Unabhängig von unseren Bemühungen um die Klimaneutralität werden wir das nicht verhindern können. Man kann eigentlich nicht mehr vom Aufhalten der Klimakrise sprechen, sondern nur noch von Schadensbegrenzung. 

Die Grünen bleiben unkonkret

Zumindest wird der Weckruf in Deutschland langsam gehört. Zur Bundestagswahl 2021 stehen in den Programmen der Parteien bereits wesentlich ambitioniertere Klimaziele als noch 2017. Ganz vorne dabei selbstverständlich die Grünen.

Für das 1,5-Grad Ziel reicht es bei ihnen trotzdem nicht. Und das hat etwas mit der unkonkreten Klima-Außenpolitik in ihrem Wahlprogramm zu tun. Denn die deutsche Politik mag sich nicht wirklich am Pariser Klimaabkommen orientieren, aber die meisten Länder hängen noch viel weiter hinterher.
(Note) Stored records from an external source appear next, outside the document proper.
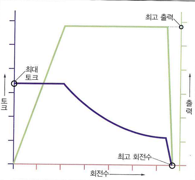 저속에서는 고토크를 갖고 고속으로 올라갈수록 토크는 줄어든다.
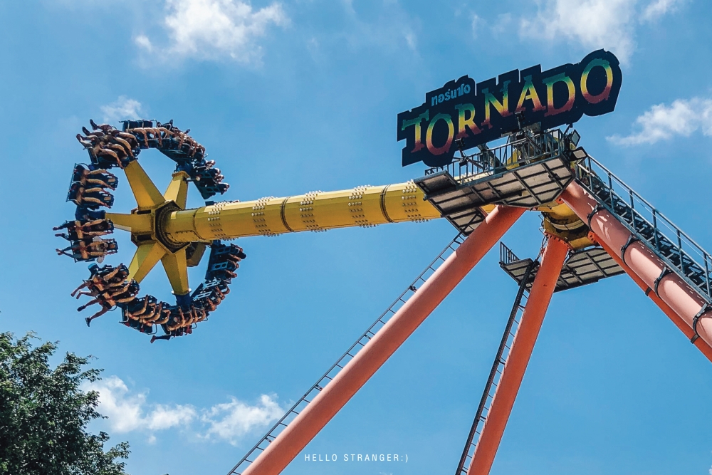 Tornado-ทอร์นาโด เป็นอีกหนึ่งเครื่องเล่นยอดฮิตที่ต้องต่อแถวยาวเป็นหางว่าว เพราะมันสนุกมาก กรี๊ดจนเสียงแหบ ตื่นเต้น หวาดเสียวเหมือนอยู่ท่ามกลางพายุ ที่ดูดเราขึ้นไปหมุนกลางอากาศ
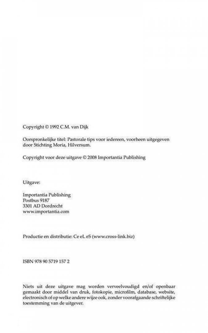 Dagelijkse problemen. Wie loopt er niet tegenaan? Dit boek geeft tips en bemoediging. Onzekerheid, het bouwen aan relaties en dagelijkse vernieuwing zijn een paar van de thema's die behandeld worden. Het boek vindt zijn oorsprong in de persoonlijke geloofsstrijd, maar had niet geschreven kunnen worden zonder de waardevolle lessen van anderen. Met het zoekregister bezit u ook een klein naslagwerk voor praktisch pastoraat. Clara M. van Dijk studeerde Duitse taal en letterkunde aan de Rijksuniversiteit in Groningen en vervolgens aan London Bible College (theologie) en University of the Nations USA (pastoraat). Zij was meerdere jaren verbonden aan Jeugd met een Opdracht.
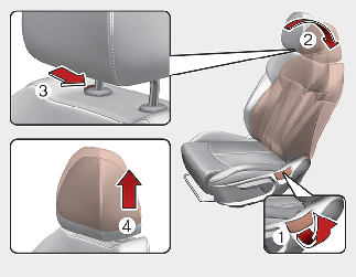 If you recline the seatback towards the front with the headrest and seat cushion raised, the headrest may come in contact with the sun visor or other parts of the vehicle.
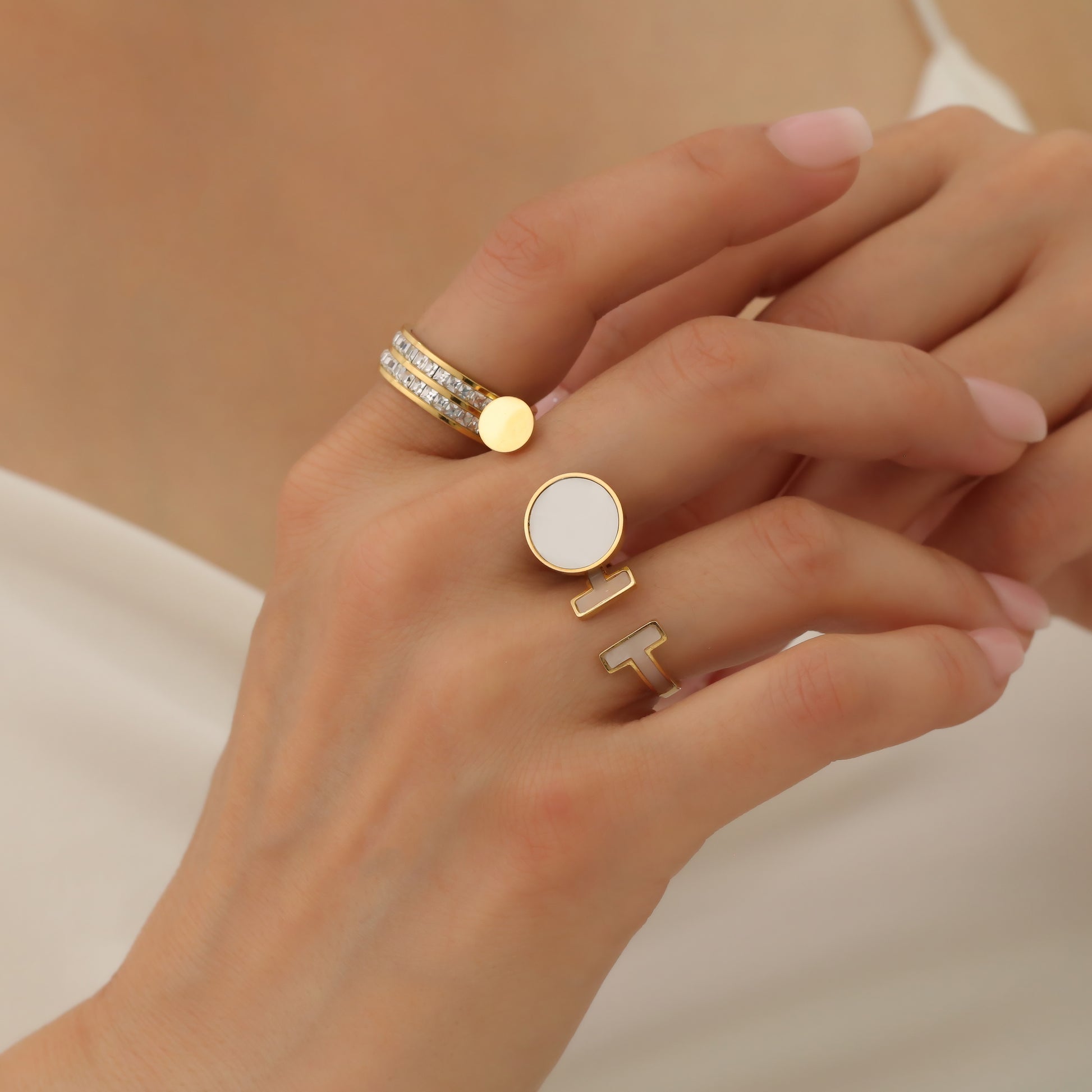 The VERONA RING is a perfect combination of style and durability. Made from Mother of Pearl, this ring is both elegant and non-tarnishing. Add a chic touch to your wardrobe with this timeless piec

Dadurch steuert die Erde gerade auf eine Erwärmung von mindestens 3 Grad zu.

Länder wie Saudi-Arabien und Brasilien stehen sogar für eine Erwärmung von 4 Grad. Eine solche Veränderung würde einen Anstieg des Meeresspiegels um einen Meter bis 2100 und 10-20 Meter bis 2300 zur Folge haben.

Da überrascht es, dass die Grünen so unkonkret bleiben. Ihr Wahlprogramm: Sie wollen alle Abkommen einhalten und insbesondere Staaten in Afrika finanziell stärker im Kampf gegen den Klimawandel unterstützen. Zweifelsohne wichtig, gegen mehr Geld werden sich die betroffenen Länder wohl auch nicht wehren. Mit der Forderung nach internationaler Unterstützung sind die Grünen auch nicht alleine. 

Des Weiteren wollen sie verbindliche internationale Klimaziele, sagen jedoch nicht, ob sich diese am Pariser Abkommen orientieren sollen und wie diese Verbindlichkeit aussehen soll. Sollten diese Ziele zu tief gesetzt sein, könnte man den mangelnden Klimaschutz anderer Staaten legitimieren und wirtschaftliche Sanktionen untergraben. Beim Umweltschutz scheint es nach Außen keinen Plan für eine harte Haltung zu geben. 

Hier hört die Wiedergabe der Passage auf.